Using Changeset Descriptions as a Data Source to Assist Feature Location
Muslim Chochlov, Michael English, Jim Buckley
TL;DR
This paper introduces ACIR, a feature-location technique that leverages changeset descriptions from version control as the lexical basis for annotating software artifacts. By partitioning code into artifacts (file or method level) and aggregating relevant changeset texts (most recent or all), ACIR builds an IR corpus indexed with Lucene under a Vector Space Model. An empirical study on Rhino and Mylyn.Tasks assesses efficiency, granularity effects, and changeset-range influence using reenactment of change requests and standard IR metrics (MAP, MRR, effectiveness).
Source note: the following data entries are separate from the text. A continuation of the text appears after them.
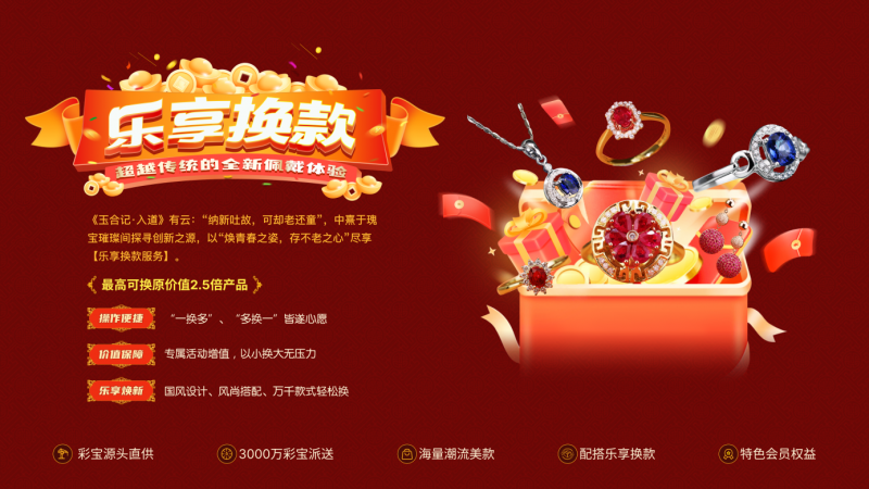 中熹珠宝创新推出的“乐享换款”服务,颠覆了传统珠宝佩戴的概念。该服务以产品价值增长活动及款式换新为核心,旨在让消费者在享受天然红蓝宝等稀缺宝石市场红利的同时,实现随时可换新搭配的自由。会员购买乐享换款产品后,只需参与完成平台任务即可获得活动增长值,该值可直接用于调换更高价格的彩宝产品。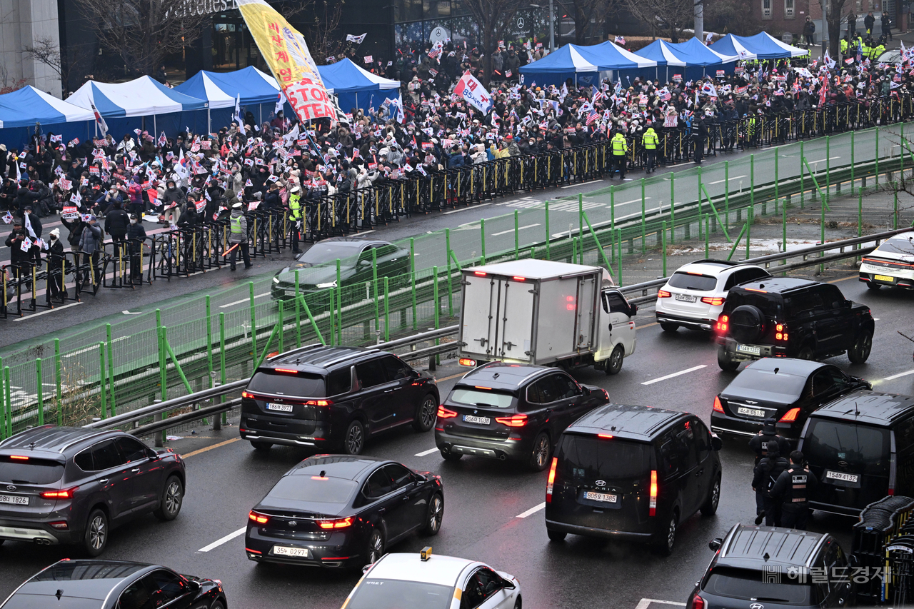 | 윤석열 대통령의 체포영장 유효기간 만료일이었던 지난해 1월 6일 오전 서울 용산구 한남동 대통령 관저 인근에서 윤 대통령 지지자들이 집회를 하고 있다. 임세준 기자 |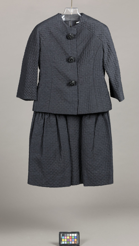 Dress: silk double cloth (cloqué); Jacket: silk double cloth (cloqué) with plastic and glass buttons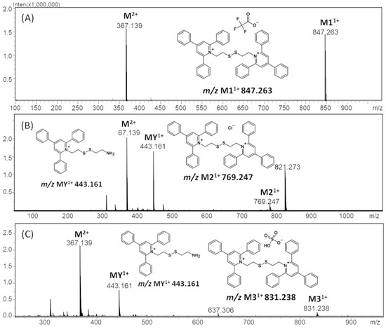On the obtained MS/MS spectra, one of the most characteristic is the signal at m/z 308.143 (Figure S1A–C), corresponding to the protonated form of 2,4,6-triphenylpyridine, which was previously described as a reporter ion generated during the fragmentation of TPP-derivatized peptide [18]. The second part of the molecule that remained after dissociation contains the positively charged quaternary nitrogen atom, which should be neutralized by the presence of a TFA− (Figure S1A), Cl− (Figure S1B) or HSO4− (Figure S1C) anion if the formed adduct is stable in the gas phase. However, the obtained mass spectra present other signals that correspond to charged fragment ions with a higher mass than those resulting from (TPP)2-CYSTAM molecule fragmentation.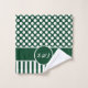Uma bolinhas esverdeada e branca, com monograma, e um padrão listrado decoram as toalhas de banho. Modifique a cor de preenchimento e as iniciais para personalizar o presente elegante de aquecimento doméstico para um casal. Além disso, altere a fonte, a cor da fonte ou o tamanho da fonte das iniciais. Por favor, lembre-se de alterar também a cor da forma. Para obter ajuda sobre a personalização de cores e design, entre em contato com https://t.me/KBMD3signs_chat.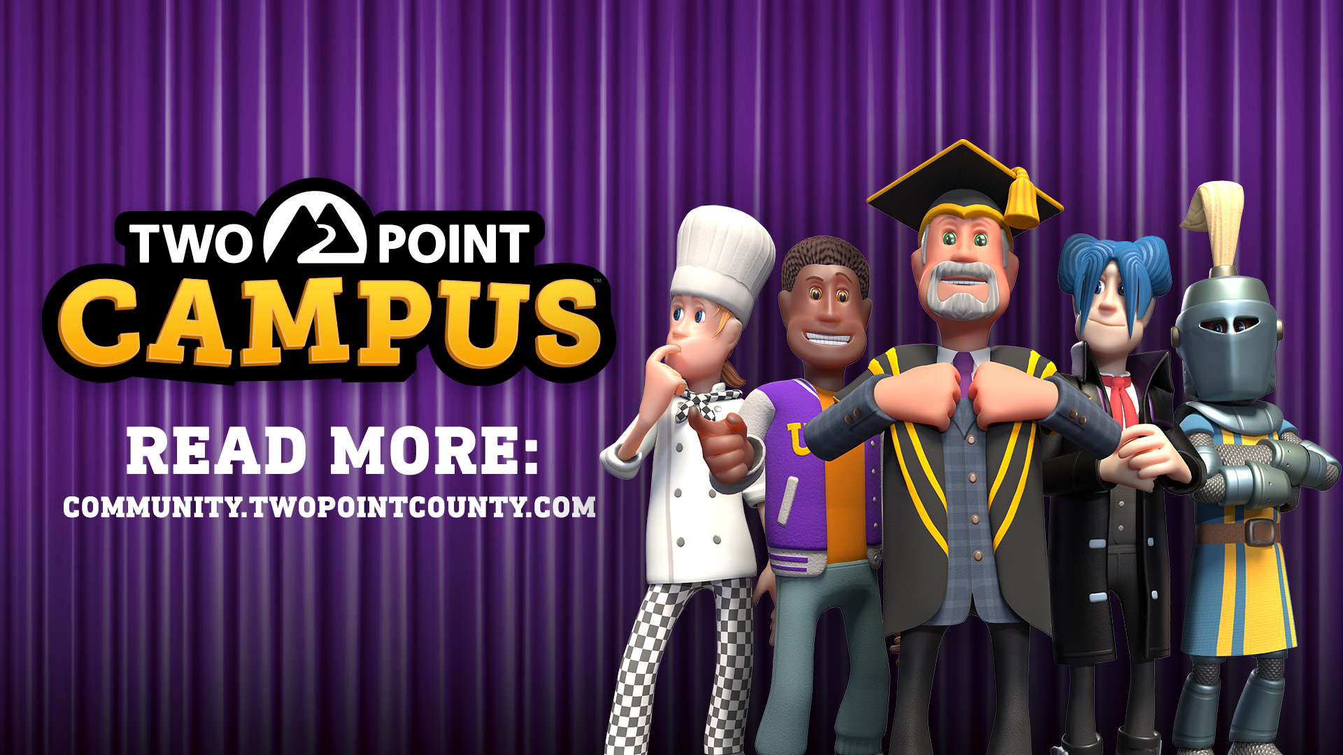 We are SO excited for you to experience Two Point Campus, and we'll be showing off lots more about the game as we get closer to launch. So be sure to follow our social channels, and sign up to the Two Point County forums to stay up to date, meet new friends and chat to us about all things Two Pointy!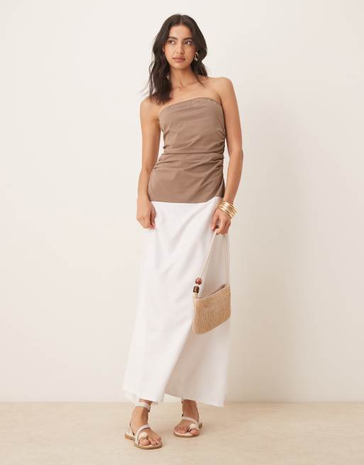 ASOS DESIGN – Trägerloses Midikleid in Mokka mit Popeline-Rock in Weiß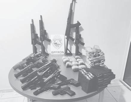 O Batalhão de Polícia de Fronteira (BPFron) da Polícia Militar do Paraná apreendeu ontem três fuzis Colt, de calibre 5.56, um fuzil 7.62, 16 pistolas de diversas marcas, além de carregadores e quase quatro mil munições de fuzil 5.56, em São Miguel do Iguaçu, na região Oeste. A ação, que faz parte das ações contínuas de combate ao crime na fronteira, também resultou na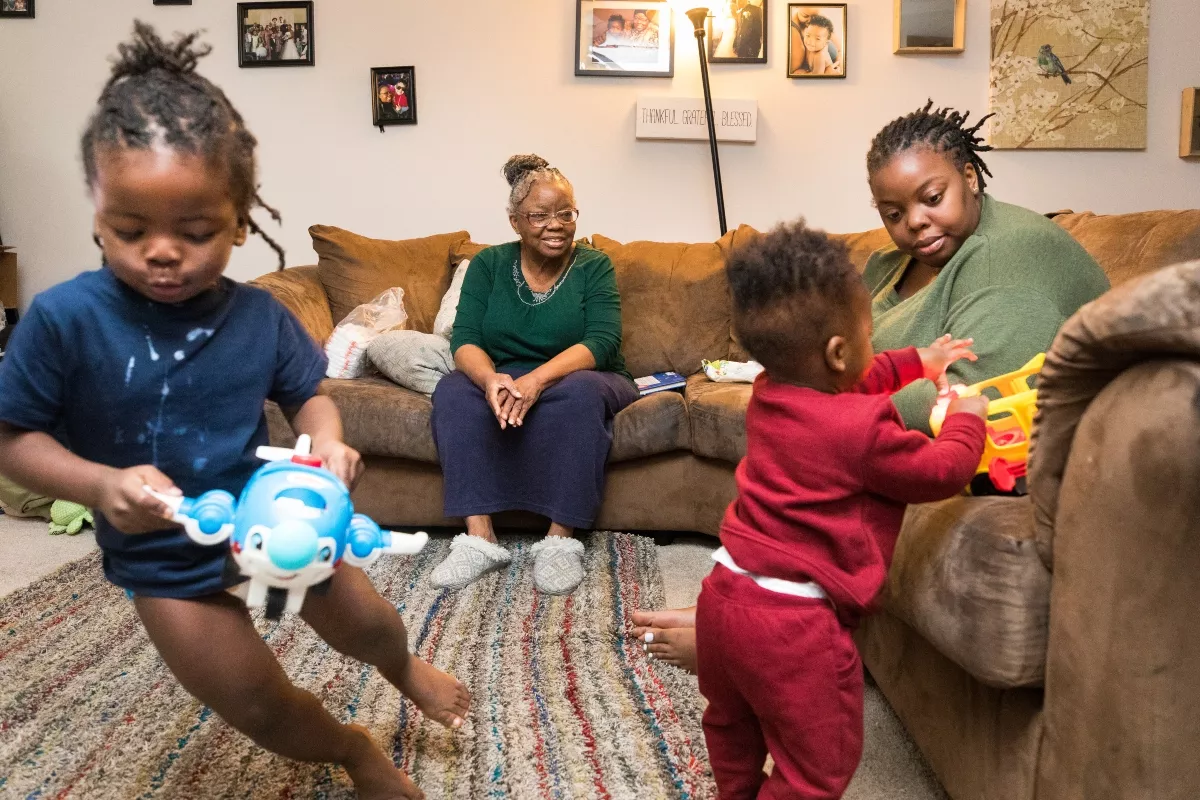 Ewings, her husband and kids live with her recently retired mother, in her mom’s townhome in the Manitou neighborhood of south Tacoma. The neighborhood feels safe and relatively quiet, with a mix of families and retired folks. But the 1,100-square-foot house is small for five people: Maya, her husband and the toddler share one bedroom, while her mom shares the other with the baby. When Ewings needs to focus on paid work, her mom, in her 70s, cares for the boys — help that is essential, as it is for many Washington families, but far from perfect. With both boys now walking and running, it’s more of a challenge than ever.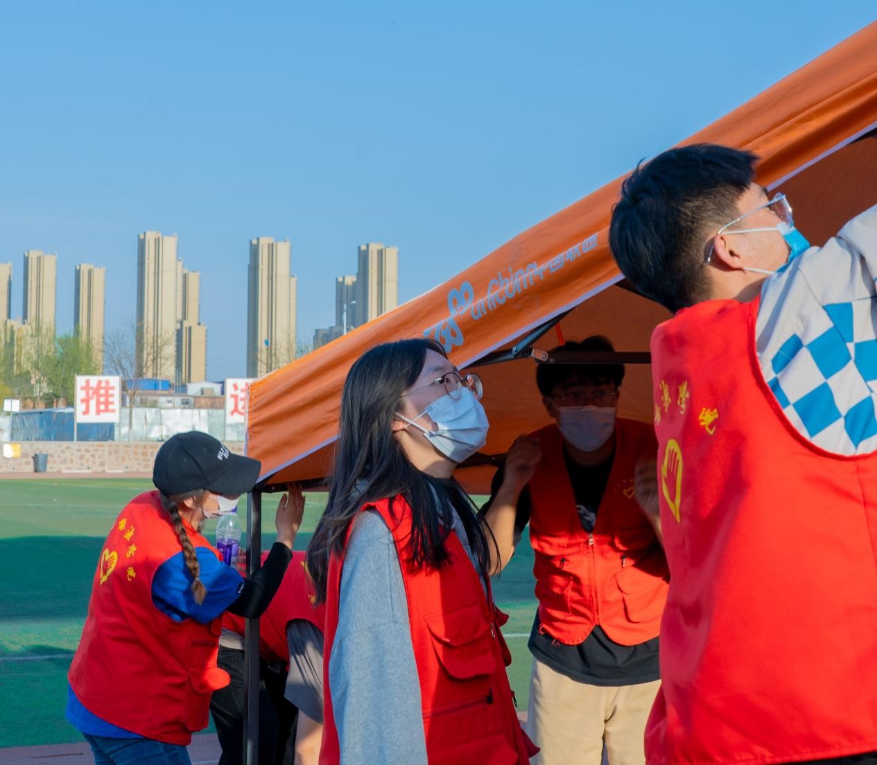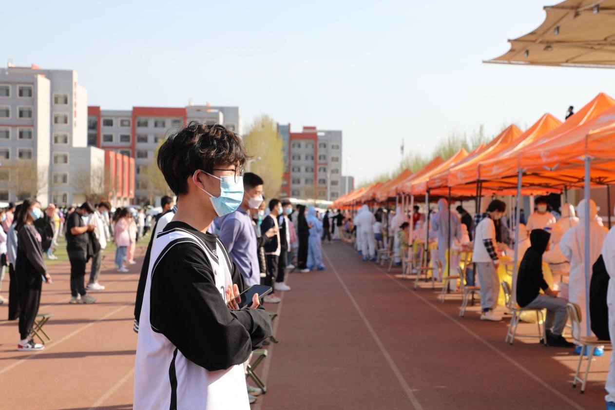 采样现场,值班老师、志愿者维护现场秩序,引导学生及教工人员戴好口罩、有序排队、保持距离。学生及教工人员积极配合工作,自觉佩戴口罩,按照系部分配的检测点分组排队检测,间隔一米,即采即走,秩序井然。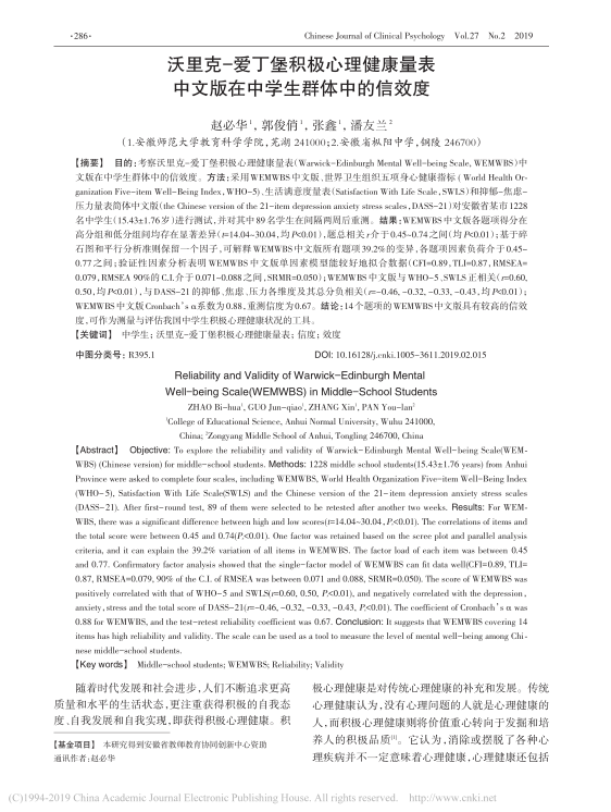 赵必华等:沃里克—爱丁堡积极心理健康量表中文版在中员工群体中的信效度

Findings show ACIR is competitive with existing text-based FLTs, with method-level granularity reducing developer effort up to 64% and changeset-range impact depending on the project’s history. The work highlights the potential of changeset descriptions as a viable data source for FLT and outlines directions for scaling, evolution-aware selection, and integration with other FL approaches.
Abstract
Feature location attempts to assist developers in discovering functionality in source code. Many textual feature location techniques utilize information retrieval and rely on comments and identifiers of source code to describe software entities. An interesting alternative would be to employ the changeset descriptions of the code altered in that changeset as a data source to describe such software entities. To investigate this we implement a technique utilizing changeset descriptions and conduct an empirical study to observe this technique's overall performance. Moreover, we study how the granularity (i.e. file or method level of software entities) and changeset range inclusion (i.e. most recent or all historical changesets) affect such an approach. The results of a preliminary study with Rhino and Mylyn.Tasks systems suggest that the approach could lead to a potentially efficient feature location technique. They also suggest that it is advantageous in terms of the effort to configure the technique at method level granularity and that older changesets from older systems may reduce the effectiveness of the technique.